Addio a Dory Bonfiglioli Schönheit: la capacità di mediare e di guardare avanti

Necrologi

di Sabina Fedeli Schönheit

Amava raccontare quel suo nome che a tanti sembrava strano ma che invece i bambini associavano subito al pesciolino dei cartoni animati: Dory. L’aveva scelto suo papà abbreviando l’appellativo di una dea della mitologia greca Doreide e lei se lo portava addosso con orgoglio perché gliel’aveva dato il babbo adorato, Renzo Bonfiglioli, un socialista di razza come la moglie Ida. Nel ’40 era stato allontanato forzatamente da Ferrara, dove era nato, e spedito al confino nelle Marche.

Anche se lei aveva solo nove anni, non c’era stato bisogno di tante parole per spiegarle cosa significava essere antifascista. E Dory quel valore, assieme a quello della Resistenza, non l’ha mai dimenticato. La vedo ancora davanti col fazzolettino dell’ANPI legato al collo, in corteo, tutti i 25 aprile. Per tutta la vita ha saputo da quale parte voleva stare.

 

Altro punto certo è che voleva vivere nella contemporaneità. Lo ha fatto fino all’ultimo con una curiosità per il mondo e una fame di libri e di giornali che la trovavano sempre informata e pronta al confronto, schivando il più possibile le polemiche. La sua forza stava infatti nella capacità di mediare, ma senza troppo cedere, con intelligenza e acume. Lo dimostra già all’esame di quinta elementare quando le affidano il tema dal titolo “Perché ami il Duce”. Cacciata dalla scuola pubblica a causa delle leggi razziali, aggira l’ostacolo e scrive “Non lo conosco abbastanza bene per poterne dare un giudizio” e poi devia narrando della sua famiglia.

 

Lo scontro non le piaceva, preferiva andare comunque d’accordo, ed era animale sociale senza soluzione di continuità. Leone e Michi sostengono che la nonna – il suo profilo è su Facebook –  oggi sarebbe diventata sicuramente un’influencer.

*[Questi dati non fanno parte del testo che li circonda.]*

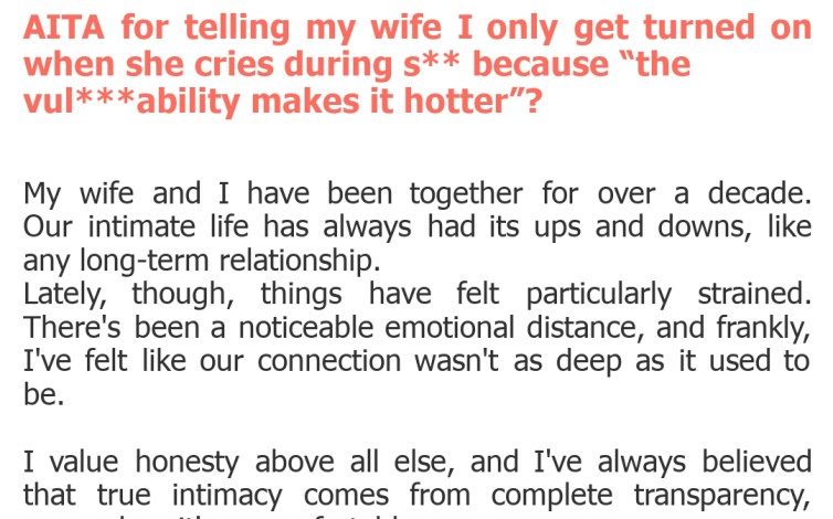 "AITA for telling my wife I only get turned on when she cries during s** because “the vul***ability makes it hotter”?"

E tanto lei era loquace tanto Franco Schönheit, suo marito, era di poche parole, benché sempre piene di humor e azzeccatissime. La loro è stata una storia d’amore lunga settant’anni, partita con l’innocenza della gioventù e le cicatrici della persecuzione. Franco finito col padre nel lager di Buchenwald  a soli 17 anni, Dory nascosta in campagna e poi costretta a una fuga drammatica verso la Svizzera nel marzo del ’44. Per rendere più sicuro il tragitto sulle montagne sopra il lago Maggiore a lei, a suo fratello Geri e agli altri bimbi del gruppo in cerca di salvezza, infilano dei chiodi nelle suole delle scarpe. Devono servire a non scivolare. Quella notte però c’è la neve e l’accorgimento fa cilecca. Dory ruzzola per un po’ di metri. Lunghi minuti prima che il padre la recuperi nel buio. Racconterà di aver avuto la forza di non urlare per non farli scoprire. Credo però che quel grido soffocato, quella paura trattenuta, le sia rimasta dentro per sempre, che l’abbia resa desiderosa di protezione e allo stesso tempo le abbia insegnato a vedere il bicchiere mezzo pieno. Di quel viaggio travagliato preferiva ricordare la parte positiva: “le lucine che vedevo oltre la rete, oltre il confine, che significavano che eravamo salvi”.

Per i nipoti e i figli degli amici la nonna aveva il profumo dei suoi mitici “scacchi”, una pietanza ferrarese cucinata con azzime, piselli e spinaci che il nonno trasportava quando si andava “in trasferta” in apposita valigia. Ne divoravano a tonnellate ogni Seder.

Dory se ne è andata proprio due giorni prima di Pesach preservando intatto il suo sguardo di “ragazza”, la schiena dritta, nonostante abbia subito anche la pena più devastante per una madre: la perdita della figlia Alisa. Nessuna autocommiserazione, il sorriso sempre in punta di labbra, la determinazione di pensare al futuro, come le aveva tramandato sua nonna Isa, morta ad Auschwitz il campo dove Dory si era recata con la Comunità ebraica nel 2019.  “Bisogna fare come i cavalli, mettere il paraocchi e guardare avanti”. Promessa mantenuta.

Dory mia dolce suocera, “molto poco suocera”, che tu possa riposare in pace.

 

Foto in alto: Dory Bonfiglioli Schönheit con il figlio Gadi e il marito Franco.